Well she called back and told me she got her own cell phone. She even gave me her new cell number. She then asked if I wanted to do lunch this weekend. Every time she does this " we should get lunch and talk" thing, she always turns it into a “how do you see us?" talk despite me trying to keep all meetings light. I dread these talks because she just uses them to tell me she doesn’t feel the same way, so we should get a D. Every time i tell her I'm not giving up, and i am making the best of this time apart to work on myself. I also tell her I will not stand in her way, but if she does not want our marriage to work, she will have to do the work to get the papers started, as I still see a M here. I think I will tell her something new this time if it does indeed turn out to be this talk again. I will tell her that she is RIGHT and we WONT make it if she doesn’t want it to. I can’t to this alone and wont always bee here.
Its funny how when I do try to detach, she plays the “ what’s wrong ?” card on me. If I tell her nothings wrong she tells me I’m acting weird because I’m not saying the usual, “hey pretty lady how are you” stuff. I will try to explain I’m fine, but she will then say how this is a reason not to be together because I am acting distant!!! Damned if you do and damned if you don’t but I will stick to my guns this time and continue my detachment. If she doesn’t like it maybe she should stop asking what’s wrong and start taking action if she wants me to act closer! I am also going to give her a day before I return her call. Its been my proactive practice to try to be as accommodating as possible for her… yet here I am 12 months later and nothing to she for it but the memories of my wife loosing there power and my heart getting numb to her.

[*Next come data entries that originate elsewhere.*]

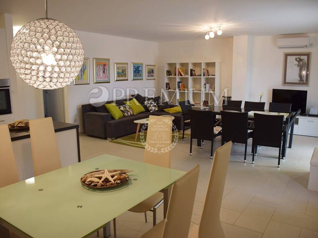The house was built in 2016 on a 608 m2 plot. On the ground floor there is a hall, a kitchen with a dining area and a living room, a bathroom, a bedroom and two rooms for a tavern and a wine cellar. On the ground floor there is a spacious living room, kitchen with dining area, two bathrooms, two bedrooms and a covered terrace pd 18m2. On the spacious garden there is a walled barbecue, a covered summer kitchen and sunbathing area with a swimming pool of 24 m2. From the ground floor and the floor there is a beautiful panoramic sea view. In the garden there is a garage and several parking spaces. Fully furnished.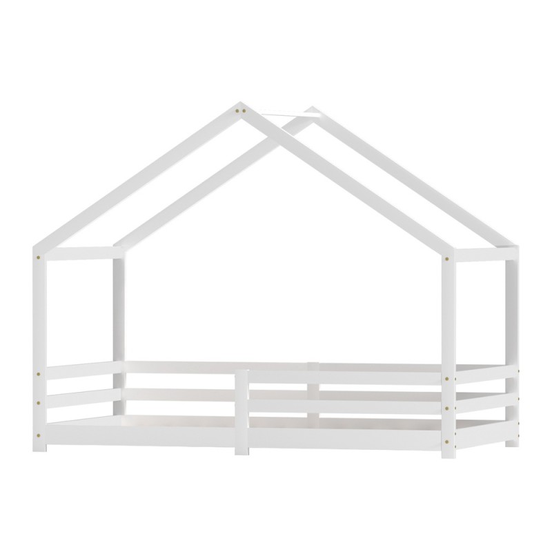 Introducing the Artiss Bed Frame Wooden Kids Single House Frame in White, a delightful addition to any child's bedroom. Crafted from solid pine wood, this charming house-shaped bed frame is designed for durability and safety, featuring smooth edges and SGS-tested non-toxic paint. Its robust construction includes thick plywood slats and reinforced bracket support, ensuring stability and a weight capacity of up to 150kg. Easy to clean and maintain, it fits a standard Australian Single mattress, making it a practical and stylish choice. Assembly is required, and the product comes with a 1-year warranty.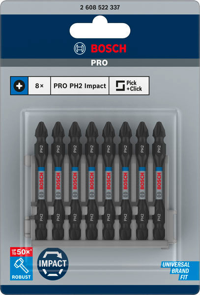PRO Impact Schrauberbit mit Doppelklingen und Pick and Click, PH2, 65 mm, 8-tlg.
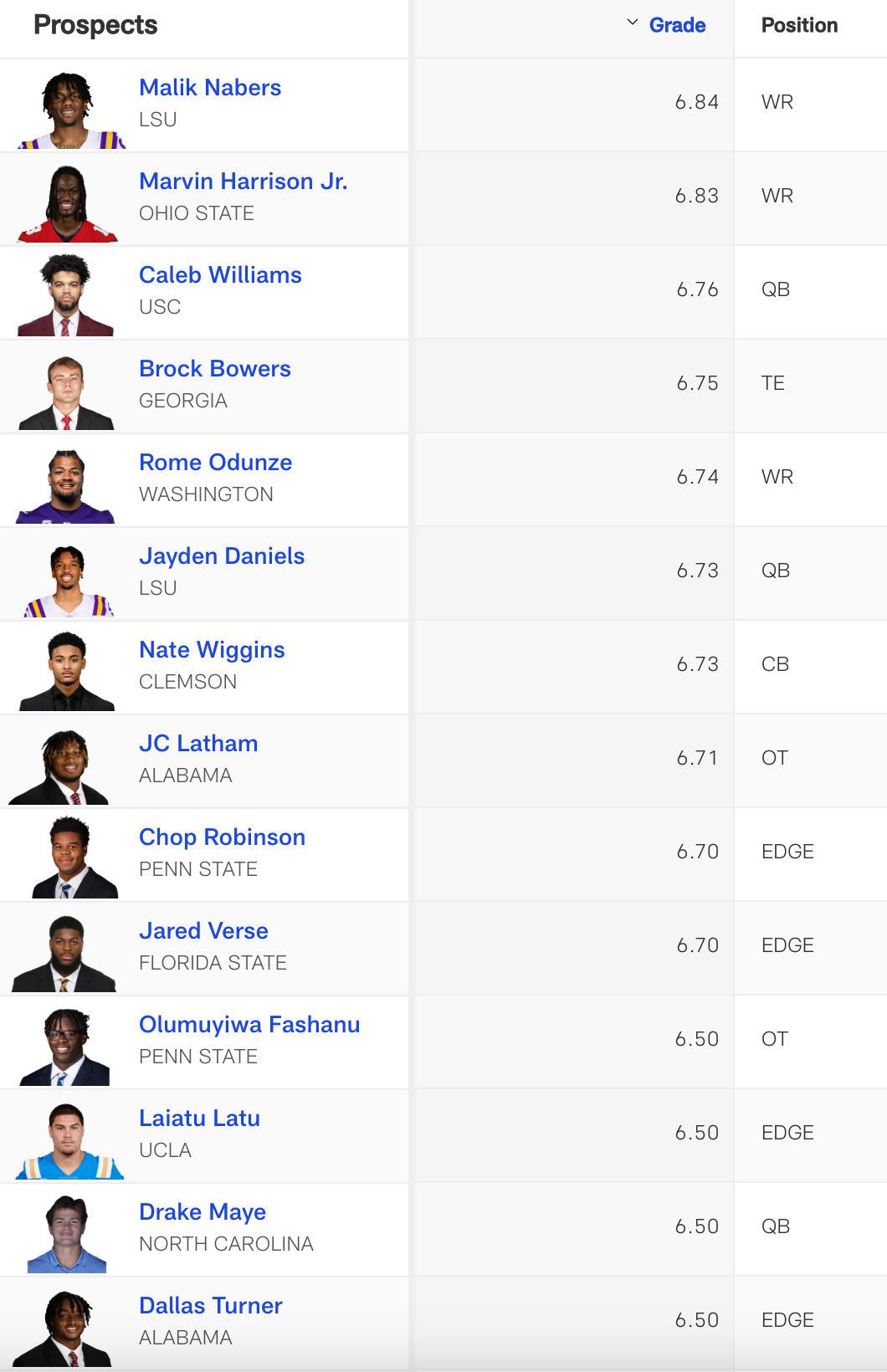 Also interesting to note that LSU's Jayden Daniels is rated higher than North Carolina quarterback Drake Maye.

Called her back and made a decision to tell her i can’t get together until next week. Told her I was booked solid but was off Thursday-Sat. her birthday is next week as well. I am hoping that by not running to her this time when she offers me a bone it might change a dynamic. I whish something would change. Just feeling sad today. Watched that new movie about the mouse Despero. In the movie there’s a line that’s says something like “Remember when I said grief was the strongest emotion. I was wrong it’s forgiveness.” Nothing like tearing up at a kids movie to ruin a day.
I'm glad your throwing a curve to her. She notices...trust me.
I'm feeling sad with you. Thanks for the advice on my thread. You know I look for you for the "cop's perspective".
Me 36 Husband 35 D5 S2 separated: 10/29/07-present Served divorce papers 1/22/09 "When the world gives out beneath your feet, it is time to learn how to fly."